→ **Goal of the exercise**: Given the records underneath, please repeat exactly the lines from the line with "Простыня на резинке" through the line with "Straight plank design", passing over any picture.

→ **Material to process**:
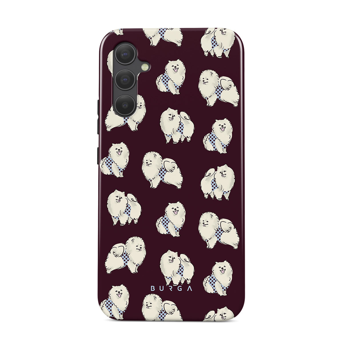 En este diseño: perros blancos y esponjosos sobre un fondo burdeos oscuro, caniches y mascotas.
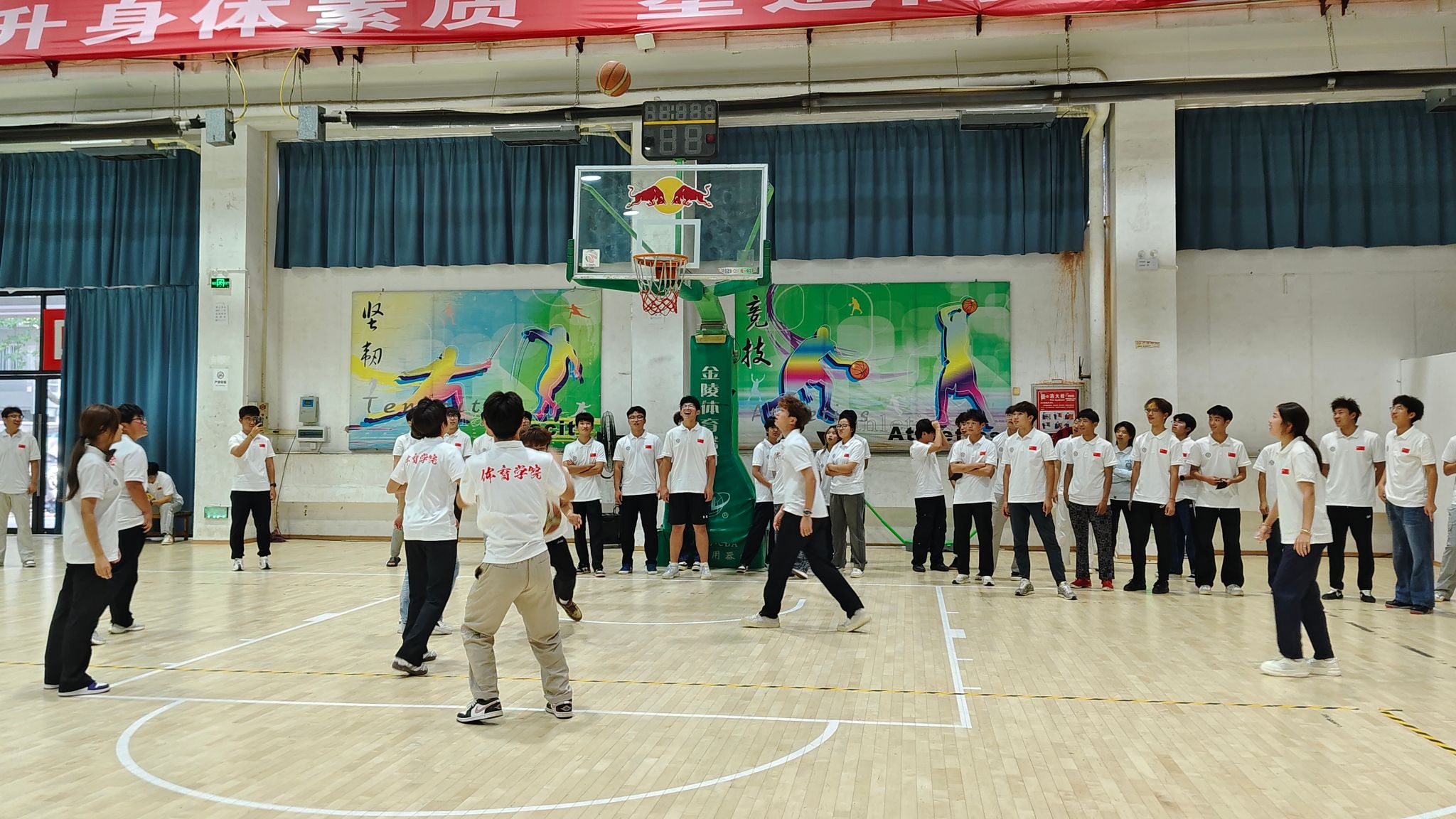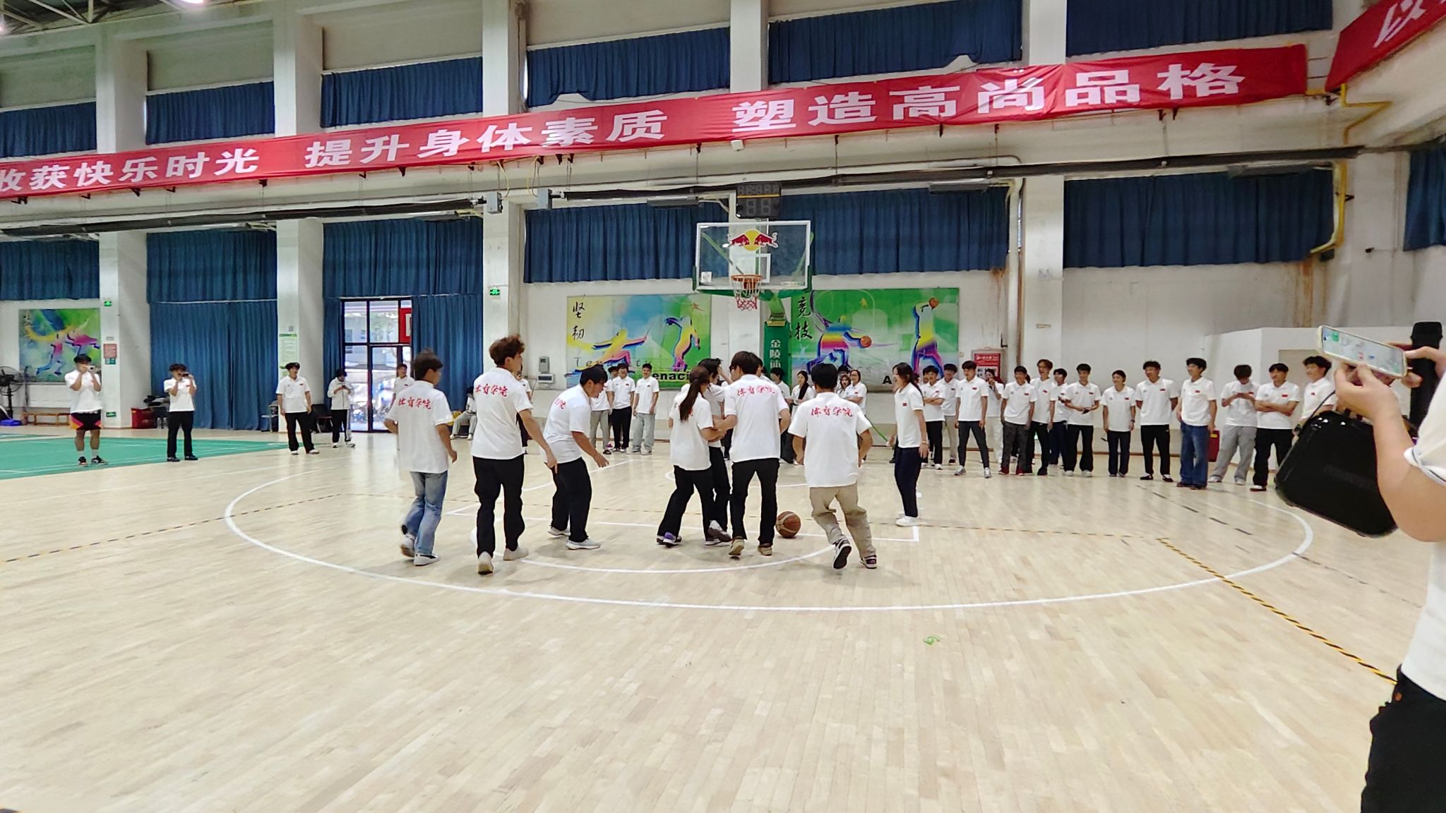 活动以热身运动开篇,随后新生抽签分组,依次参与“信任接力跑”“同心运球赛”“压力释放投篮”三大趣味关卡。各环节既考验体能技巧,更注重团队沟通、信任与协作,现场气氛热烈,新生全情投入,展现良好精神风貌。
* * *
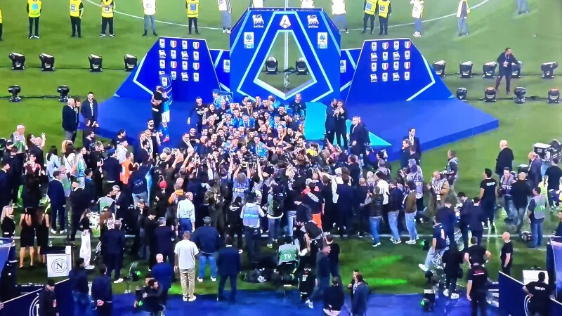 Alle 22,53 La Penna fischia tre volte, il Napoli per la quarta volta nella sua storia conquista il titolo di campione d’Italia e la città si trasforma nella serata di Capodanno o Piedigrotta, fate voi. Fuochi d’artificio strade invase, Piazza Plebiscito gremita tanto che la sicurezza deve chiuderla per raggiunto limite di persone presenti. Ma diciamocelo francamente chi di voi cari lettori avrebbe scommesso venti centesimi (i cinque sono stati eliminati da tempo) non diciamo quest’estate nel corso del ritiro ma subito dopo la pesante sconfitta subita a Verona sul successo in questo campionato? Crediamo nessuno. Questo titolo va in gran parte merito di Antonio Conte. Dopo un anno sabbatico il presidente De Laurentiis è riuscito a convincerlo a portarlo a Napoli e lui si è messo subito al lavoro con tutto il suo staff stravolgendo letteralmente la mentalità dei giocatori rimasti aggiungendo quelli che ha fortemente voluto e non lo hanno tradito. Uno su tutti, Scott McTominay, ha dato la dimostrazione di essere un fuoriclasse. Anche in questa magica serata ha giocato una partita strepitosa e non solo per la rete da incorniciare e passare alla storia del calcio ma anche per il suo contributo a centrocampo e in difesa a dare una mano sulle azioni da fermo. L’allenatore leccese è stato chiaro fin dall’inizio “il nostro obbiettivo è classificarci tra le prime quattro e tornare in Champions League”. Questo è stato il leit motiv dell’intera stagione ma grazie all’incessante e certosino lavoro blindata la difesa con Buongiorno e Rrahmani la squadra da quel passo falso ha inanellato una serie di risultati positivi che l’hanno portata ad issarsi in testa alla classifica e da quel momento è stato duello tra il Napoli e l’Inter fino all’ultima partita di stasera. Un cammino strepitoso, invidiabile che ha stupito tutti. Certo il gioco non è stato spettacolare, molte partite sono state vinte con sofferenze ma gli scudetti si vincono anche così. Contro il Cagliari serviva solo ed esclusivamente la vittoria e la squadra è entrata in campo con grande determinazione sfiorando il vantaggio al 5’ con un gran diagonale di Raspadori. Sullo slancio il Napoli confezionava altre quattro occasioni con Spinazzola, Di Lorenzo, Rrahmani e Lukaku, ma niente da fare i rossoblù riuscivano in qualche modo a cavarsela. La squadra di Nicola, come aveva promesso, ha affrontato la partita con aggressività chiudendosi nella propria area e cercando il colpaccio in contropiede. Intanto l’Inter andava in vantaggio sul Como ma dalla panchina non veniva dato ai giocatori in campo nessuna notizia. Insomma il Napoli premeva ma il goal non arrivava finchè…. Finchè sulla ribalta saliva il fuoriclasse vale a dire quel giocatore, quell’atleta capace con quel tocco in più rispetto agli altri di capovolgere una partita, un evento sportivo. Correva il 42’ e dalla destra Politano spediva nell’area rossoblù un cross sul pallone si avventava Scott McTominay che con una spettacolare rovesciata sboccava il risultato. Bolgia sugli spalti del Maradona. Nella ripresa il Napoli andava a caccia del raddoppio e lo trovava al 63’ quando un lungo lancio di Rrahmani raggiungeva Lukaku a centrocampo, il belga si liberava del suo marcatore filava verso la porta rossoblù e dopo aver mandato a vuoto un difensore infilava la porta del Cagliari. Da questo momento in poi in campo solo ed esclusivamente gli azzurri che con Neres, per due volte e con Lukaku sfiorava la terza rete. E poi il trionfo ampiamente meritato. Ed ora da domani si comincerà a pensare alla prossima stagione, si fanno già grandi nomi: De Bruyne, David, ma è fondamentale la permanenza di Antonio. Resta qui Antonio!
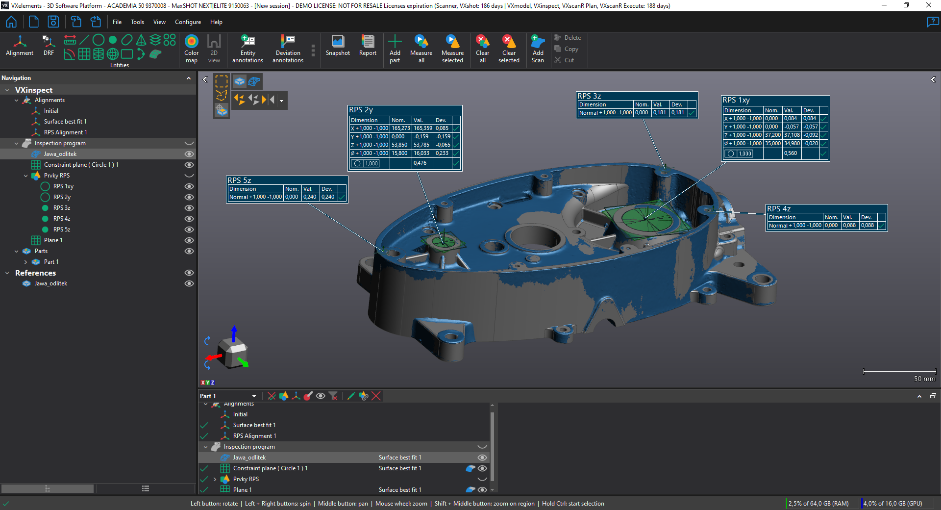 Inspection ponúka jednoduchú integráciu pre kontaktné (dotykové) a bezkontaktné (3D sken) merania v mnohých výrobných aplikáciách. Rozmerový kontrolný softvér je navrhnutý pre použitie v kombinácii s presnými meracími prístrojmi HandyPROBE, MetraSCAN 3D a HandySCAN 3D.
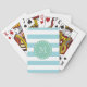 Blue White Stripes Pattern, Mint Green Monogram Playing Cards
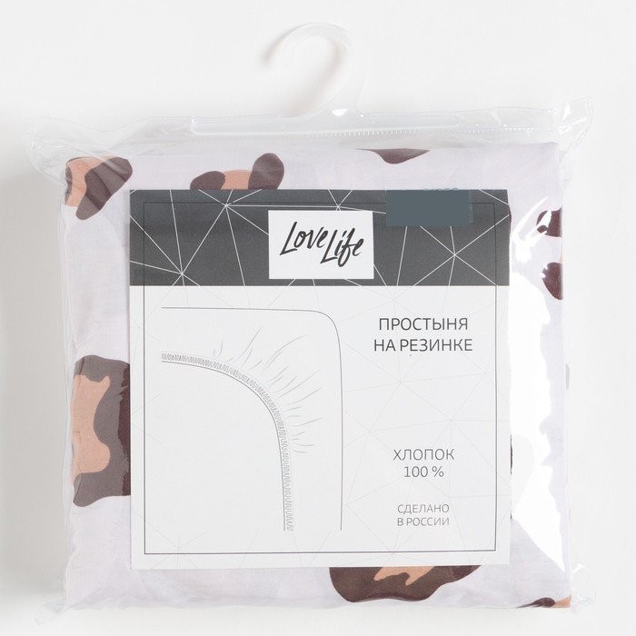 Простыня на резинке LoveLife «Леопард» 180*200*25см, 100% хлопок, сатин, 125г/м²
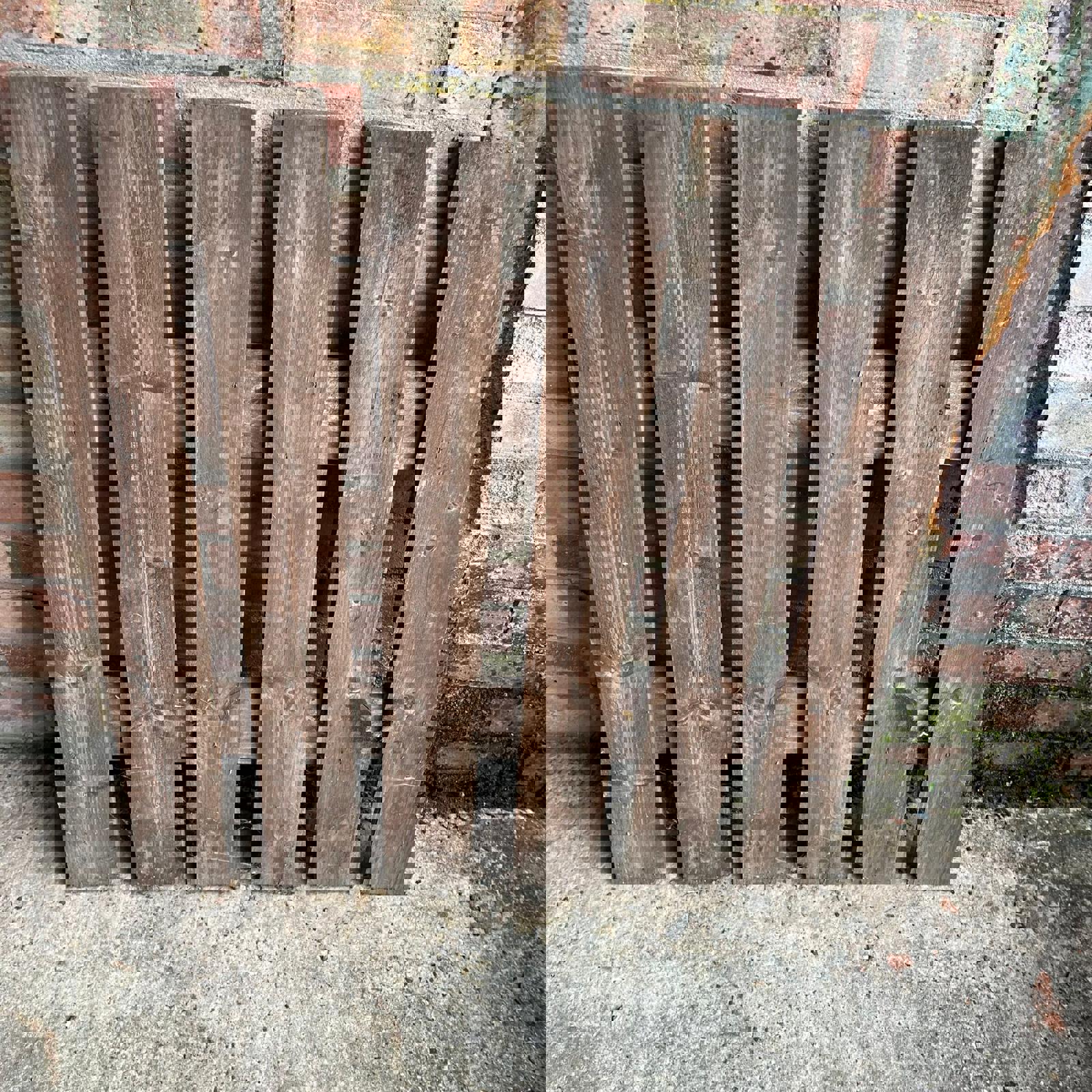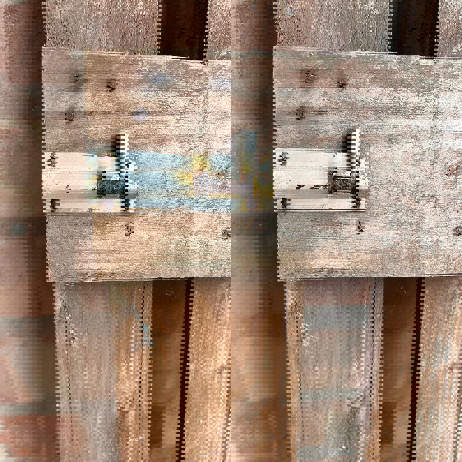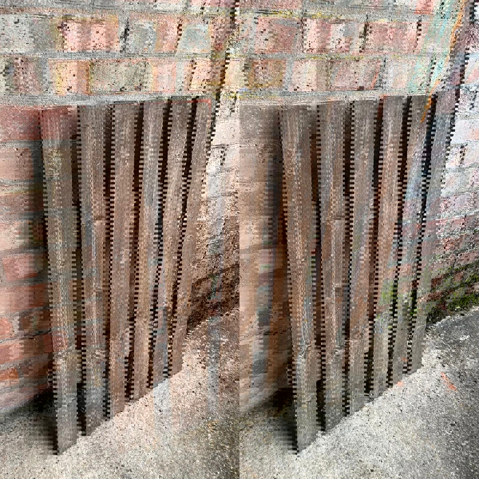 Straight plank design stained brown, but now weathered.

→ **Answer to this task**:
 Простыня на резинке LoveLife «Леопард» 180*200*25см, 100% хлопок, сатин, 125г/м²
 Straight plank design stained brown, but now weathered.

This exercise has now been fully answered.